## What the exercise asks
A faithful copy of all the data below, please; leave no line out.

(Given data begins)

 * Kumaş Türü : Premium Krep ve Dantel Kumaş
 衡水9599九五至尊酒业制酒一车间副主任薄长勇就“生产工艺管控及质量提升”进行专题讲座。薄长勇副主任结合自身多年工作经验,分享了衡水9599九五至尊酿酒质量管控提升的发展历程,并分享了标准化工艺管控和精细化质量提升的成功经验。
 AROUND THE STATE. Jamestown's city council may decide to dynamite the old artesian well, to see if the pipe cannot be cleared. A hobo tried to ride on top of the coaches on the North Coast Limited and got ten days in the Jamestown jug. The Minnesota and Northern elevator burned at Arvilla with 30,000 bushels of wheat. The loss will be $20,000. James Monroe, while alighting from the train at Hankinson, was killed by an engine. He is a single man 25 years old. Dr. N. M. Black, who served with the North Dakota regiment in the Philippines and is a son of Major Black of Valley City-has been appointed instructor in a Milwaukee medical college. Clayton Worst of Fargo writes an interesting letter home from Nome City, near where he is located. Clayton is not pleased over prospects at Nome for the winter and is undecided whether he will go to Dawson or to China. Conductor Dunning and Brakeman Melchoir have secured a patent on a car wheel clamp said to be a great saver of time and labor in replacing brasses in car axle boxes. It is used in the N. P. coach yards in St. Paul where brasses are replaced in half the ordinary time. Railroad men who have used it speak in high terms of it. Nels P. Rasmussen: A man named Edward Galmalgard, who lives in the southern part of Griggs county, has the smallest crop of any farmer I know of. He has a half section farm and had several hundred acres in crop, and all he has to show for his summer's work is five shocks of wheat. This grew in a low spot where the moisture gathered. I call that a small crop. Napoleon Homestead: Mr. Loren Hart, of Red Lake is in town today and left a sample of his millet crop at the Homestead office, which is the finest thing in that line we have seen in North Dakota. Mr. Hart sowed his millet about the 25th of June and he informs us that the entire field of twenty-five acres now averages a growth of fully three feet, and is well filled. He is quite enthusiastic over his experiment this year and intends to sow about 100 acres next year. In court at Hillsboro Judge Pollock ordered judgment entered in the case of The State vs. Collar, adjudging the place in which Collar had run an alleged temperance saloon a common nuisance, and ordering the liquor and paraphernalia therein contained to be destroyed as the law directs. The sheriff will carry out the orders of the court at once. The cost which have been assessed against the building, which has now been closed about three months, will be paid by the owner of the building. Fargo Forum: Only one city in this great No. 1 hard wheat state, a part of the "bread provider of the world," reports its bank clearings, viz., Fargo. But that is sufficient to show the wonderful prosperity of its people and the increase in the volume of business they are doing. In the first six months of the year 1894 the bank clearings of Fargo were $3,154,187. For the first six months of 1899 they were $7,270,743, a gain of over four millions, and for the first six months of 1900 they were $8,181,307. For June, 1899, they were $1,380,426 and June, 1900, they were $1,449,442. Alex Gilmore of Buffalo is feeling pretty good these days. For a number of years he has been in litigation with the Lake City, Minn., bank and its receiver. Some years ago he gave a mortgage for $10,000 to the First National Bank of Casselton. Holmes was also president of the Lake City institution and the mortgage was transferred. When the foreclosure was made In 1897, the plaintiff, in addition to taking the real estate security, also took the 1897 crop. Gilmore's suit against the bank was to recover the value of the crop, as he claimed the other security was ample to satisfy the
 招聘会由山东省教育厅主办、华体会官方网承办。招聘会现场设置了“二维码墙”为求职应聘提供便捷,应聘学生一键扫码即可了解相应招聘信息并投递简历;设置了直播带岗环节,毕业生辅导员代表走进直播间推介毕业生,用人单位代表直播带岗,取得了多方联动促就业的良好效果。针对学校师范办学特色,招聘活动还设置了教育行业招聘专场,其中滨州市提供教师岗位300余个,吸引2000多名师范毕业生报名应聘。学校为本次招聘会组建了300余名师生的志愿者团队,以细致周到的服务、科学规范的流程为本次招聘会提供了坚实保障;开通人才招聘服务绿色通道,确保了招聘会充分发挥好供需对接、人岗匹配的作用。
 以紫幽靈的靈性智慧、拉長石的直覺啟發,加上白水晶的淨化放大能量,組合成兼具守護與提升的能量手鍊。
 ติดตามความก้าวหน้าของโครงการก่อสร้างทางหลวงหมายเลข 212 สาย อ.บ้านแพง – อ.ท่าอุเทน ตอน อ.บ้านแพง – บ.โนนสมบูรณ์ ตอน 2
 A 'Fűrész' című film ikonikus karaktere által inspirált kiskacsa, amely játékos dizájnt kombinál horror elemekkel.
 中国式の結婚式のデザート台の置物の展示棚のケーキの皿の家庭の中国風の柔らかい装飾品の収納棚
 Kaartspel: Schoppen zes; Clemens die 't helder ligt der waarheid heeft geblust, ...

(Given data ends)

## Solution to this task
 * Kumaş Türü : Premium Krep ve Dantel Kumaş
 衡水9599九五至尊酒业制酒一车间副主任薄长勇就“生产工艺管控及质量提升”进行专题讲座。薄长勇副主任结合自身多年工作经验,分享了衡水9599九五至尊酿酒质量管控提升的发展历程,并分享了标准化工艺管控和精细化质量提升的成功经验。
 AROUND THE STATE. Jamestown's city council may decide to dynamite the old artesian well, to see if the pipe cannot be cleared. A hobo tried to ride on top of the coaches on the North Coast Limited and got ten days in the Jamestown jug. The Minnesota and Northern elevator burned at Arvilla with 30,000 bushels of wheat. The loss will be $20,000. James Monroe, while alighting from the train at Hankinson, was killed by an engine. He is a single man 25 years old. Dr. N. M. Black, who served with the North Dakota regiment in the Philippines and is a son of Major Black of Valley City-has been appointed instructor in a Milwaukee medical college. Clayton Worst of Fargo writes an interesting letter home from Nome City, near where he is located. Clayton is not pleased over prospects at Nome for the winter and is undecided whether he will go to Dawson or to China. Conductor Dunning and Brakeman Melchoir have secured a patent on a car wheel clamp said to be a great saver of time and labor in replacing brasses in car axle boxes. It is used in the N. P. coach yards in St. Paul where brasses are replaced in half the ordinary time. Railroad men who have used it speak in high terms of it. Nels P. Rasmussen: A man named Edward Galmalgard, who lives in the southern part of Griggs county, has the smallest crop of any farmer I know of. He has a half section farm and had several hundred acres in crop, and all he has to show for his summer's work is five shocks of wheat. This grew in a low spot where the moisture gathered. I call that a small crop. Napoleon Homestead: Mr. Loren Hart, of Red Lake is in town today and left a sample of his millet crop at the Homestead office, which is the finest thing in that line we have seen in North Dakota. Mr. Hart sowed his millet about the 25th of June and he informs us that the entire field of twenty-five acres now averages a growth of fully three feet, and is well filled. He is quite enthusiastic over his experiment this year and intends to sow about 100 acres next year. In court at Hillsboro Judge Pollock ordered judgment entered in the case of The State vs. Collar, adjudging the place in which Collar had run an alleged temperance saloon a common nuisance, and ordering the liquor and paraphernalia therein contained to be destroyed as the law directs. The sheriff will carry out the orders of the court at once. The cost which have been assessed against the building, which has now been closed about three months, will be paid by the owner of the building. Fargo Forum: Only one city in this great No. 1 hard wheat state, a part of the "bread provider of the world," reports its bank clearings, viz., Fargo. But that is sufficient to show the wonderful prosperity of its people and the increase in the volume of business they are doing. In the first six months of the year 1894 the bank clearings of Fargo were $3,154,187. For the first six months of 1899 they were $7,270,743, a gain of over four millions, and for the first six months of 1900 they were $8,181,307. For June, 1899, they were $1,380,426 and June, 1900, they were $1,449,442. Alex Gilmore of Buffalo is feeling pretty good these days. For a number of years he has been in litigation with the Lake City, Minn., bank and its receiver. Some years ago he gave a mortgage for $10,000 to the First National Bank of Casselton. Holmes was also president of the Lake City institution and the mortgage was transferred. When the foreclosure was made In 1897, the plaintiff, in addition to taking the real estate security, also took the 1897 crop. Gilmore's suit against the bank was to recover the value of the crop, as he claimed the other security was ample to satisfy the
 招聘会由山东省教育厅主办、华体会官方网承办。招聘会现场设置了“二维码墙”为求职应聘提供便捷,应聘学生一键扫码即可了解相应招聘信息并投递简历;设置了直播带岗环节,毕业生辅导员代表走进直播间推介毕业生,用人单位代表直播带岗,取得了多方联动促就业的良好效果。针对学校师范办学特色,招聘活动还设置了教育行业招聘专场,其中滨州市提供教师岗位300余个,吸引2000多名师范毕业生报名应聘。学校为本次招聘会组建了300余名师生的志愿者团队,以细致周到的服务、科学规范的流程为本次招聘会提供了坚实保障;开通人才招聘服务绿色通道,确保了招聘会充分发挥好供需对接、人岗匹配的作用。
 以紫幽靈的靈性智慧、拉長石的直覺啟發,加上白水晶的淨化放大能量,組合成兼具守護與提升的能量手鍊。
 ติดตามความก้าวหน้าของโครงการก่อสร้างทางหลวงหมายเลข 212 สาย อ.บ้านแพง – อ.ท่าอุเทน ตอน อ.บ้านแพง – บ.โนนสมบูรณ์ ตอน 2
 A 'Fűrész' című film ikonikus karaktere által inspirált kiskacsa, amely játékos dizájnt kombinál horror elemekkel.
 中国式の結婚式のデザート台の置物の展示棚のケーキの皿の家庭の中国風の柔らかい装飾品の収納棚
 Kaartspel: Schoppen zes; Clemens die 't helder ligt der waarheid heeft geblust, ...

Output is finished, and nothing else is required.